ACTIVITY
Write out, from the entries below, exactly the lines that run between the lines holding "И следующий логичный" and "00sanimal earsbellblack pantiesblonde", inclusive, and stop there.

AVAILABLE DATA
=====
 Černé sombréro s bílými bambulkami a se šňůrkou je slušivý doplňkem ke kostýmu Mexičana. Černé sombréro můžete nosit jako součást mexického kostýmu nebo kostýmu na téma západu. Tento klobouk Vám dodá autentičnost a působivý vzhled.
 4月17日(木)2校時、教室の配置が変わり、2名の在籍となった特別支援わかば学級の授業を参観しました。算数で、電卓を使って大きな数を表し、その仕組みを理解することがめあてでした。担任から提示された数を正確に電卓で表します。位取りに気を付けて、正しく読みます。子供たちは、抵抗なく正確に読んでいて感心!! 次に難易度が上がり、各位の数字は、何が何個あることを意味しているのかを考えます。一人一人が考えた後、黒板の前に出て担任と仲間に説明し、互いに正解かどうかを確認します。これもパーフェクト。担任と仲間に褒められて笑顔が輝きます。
=====
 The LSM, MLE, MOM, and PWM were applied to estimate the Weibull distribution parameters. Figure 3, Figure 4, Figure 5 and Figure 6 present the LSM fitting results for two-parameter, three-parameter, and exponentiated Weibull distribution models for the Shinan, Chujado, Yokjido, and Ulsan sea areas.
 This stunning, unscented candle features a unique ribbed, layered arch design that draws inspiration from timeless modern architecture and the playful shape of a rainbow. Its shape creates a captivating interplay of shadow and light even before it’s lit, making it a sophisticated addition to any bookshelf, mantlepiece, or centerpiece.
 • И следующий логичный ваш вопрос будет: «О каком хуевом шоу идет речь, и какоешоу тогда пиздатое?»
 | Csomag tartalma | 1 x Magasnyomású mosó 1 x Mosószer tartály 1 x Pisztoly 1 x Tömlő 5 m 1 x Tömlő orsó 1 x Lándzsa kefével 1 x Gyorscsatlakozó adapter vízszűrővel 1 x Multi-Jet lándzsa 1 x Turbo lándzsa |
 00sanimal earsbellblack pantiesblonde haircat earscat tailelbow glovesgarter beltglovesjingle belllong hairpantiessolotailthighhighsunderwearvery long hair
=====
SOLUTION FOR THIS EXERCISE
 • И следующий логичный ваш вопрос будет: «О каком хуевом шоу идет речь, и какоешоу тогда пиздатое?»
 | Csomag tartalma | 1 x Magasnyomású mosó 1 x Mosószer tartály 1 x Pisztoly 1 x Tömlő 5 m 1 x Tömlő orsó 1 x Lándzsa kefével 1 x Gyorscsatlakozó adapter vízszűrővel 1 x Multi-Jet lándzsa 1 x Turbo lándzsa |
 00sanimal earsbellblack pantiesblonde haircat earscat tailelbow glovesgarter beltglovesjingle belllong hairpantiessolotailthighhighsunderwearvery long hair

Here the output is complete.